■ REQUIRED ACTION
For this exercise, return exactly the lines of the material below that begin at the one with "- Print printables: greetings" and stop after the one with "An Albanian woman".

DATASET RECORDS START

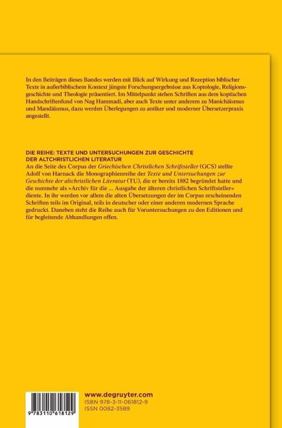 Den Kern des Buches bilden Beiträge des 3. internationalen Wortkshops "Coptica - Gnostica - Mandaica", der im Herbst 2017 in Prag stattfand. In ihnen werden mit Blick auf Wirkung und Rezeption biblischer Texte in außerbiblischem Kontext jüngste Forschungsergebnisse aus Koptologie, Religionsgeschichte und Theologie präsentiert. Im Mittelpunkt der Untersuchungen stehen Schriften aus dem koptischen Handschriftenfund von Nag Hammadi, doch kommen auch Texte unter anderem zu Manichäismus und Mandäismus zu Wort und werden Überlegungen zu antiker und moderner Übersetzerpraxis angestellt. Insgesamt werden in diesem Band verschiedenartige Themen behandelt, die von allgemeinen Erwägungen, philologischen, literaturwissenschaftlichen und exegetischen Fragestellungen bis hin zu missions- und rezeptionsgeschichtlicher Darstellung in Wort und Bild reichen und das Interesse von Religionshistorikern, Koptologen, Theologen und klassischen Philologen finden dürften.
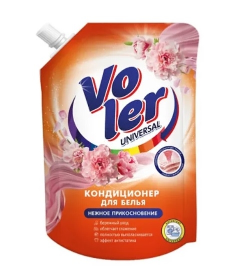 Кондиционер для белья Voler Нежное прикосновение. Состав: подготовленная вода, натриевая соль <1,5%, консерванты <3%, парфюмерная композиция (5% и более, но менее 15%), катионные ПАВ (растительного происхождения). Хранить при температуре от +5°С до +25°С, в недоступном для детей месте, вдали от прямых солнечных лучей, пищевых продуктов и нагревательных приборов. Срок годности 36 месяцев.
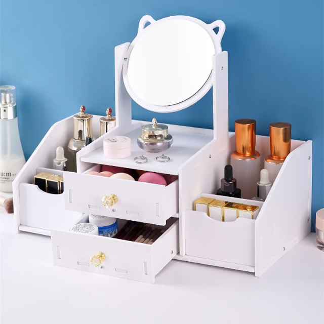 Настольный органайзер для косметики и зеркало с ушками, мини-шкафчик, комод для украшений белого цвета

DATASET RECORDS END
DATASET RECORDS START

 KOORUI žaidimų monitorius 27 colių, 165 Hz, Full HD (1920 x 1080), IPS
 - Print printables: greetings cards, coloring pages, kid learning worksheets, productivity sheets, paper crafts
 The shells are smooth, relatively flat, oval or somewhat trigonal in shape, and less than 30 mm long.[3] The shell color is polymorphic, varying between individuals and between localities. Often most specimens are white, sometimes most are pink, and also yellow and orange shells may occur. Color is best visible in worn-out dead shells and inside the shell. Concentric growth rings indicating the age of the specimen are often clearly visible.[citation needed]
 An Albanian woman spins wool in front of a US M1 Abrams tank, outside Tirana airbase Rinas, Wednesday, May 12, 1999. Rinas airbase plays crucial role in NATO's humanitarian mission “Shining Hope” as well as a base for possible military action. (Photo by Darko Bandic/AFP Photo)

DATASET RECORDS END

■ ANSWER SECTION
 - Print printables: greetings cards, coloring pages, kid learning worksheets, productivity sheets, paper crafts
 The shells are smooth, relatively flat, oval or somewhat trigonal in shape, and less than 30 mm long.[3] The shell color is polymorphic, varying between individuals and between localities. Often most specimens are white, sometimes most are pink, and also yellow and orange shells may occur. Color is best visible in worn-out dead shells and inside the shell. Concentric growth rings indicating the age of the specimen are often clearly visible.[citation needed]
 An Albanian woman spins wool in front of a US M1 Abrams tank, outside Tirana airbase Rinas, Wednesday, May 12, 1999. Rinas airbase plays crucial role in NATO's humanitarian mission “Shining Hope” as well as a base for possible military action. (Photo by Darko Bandic/AFP Photo)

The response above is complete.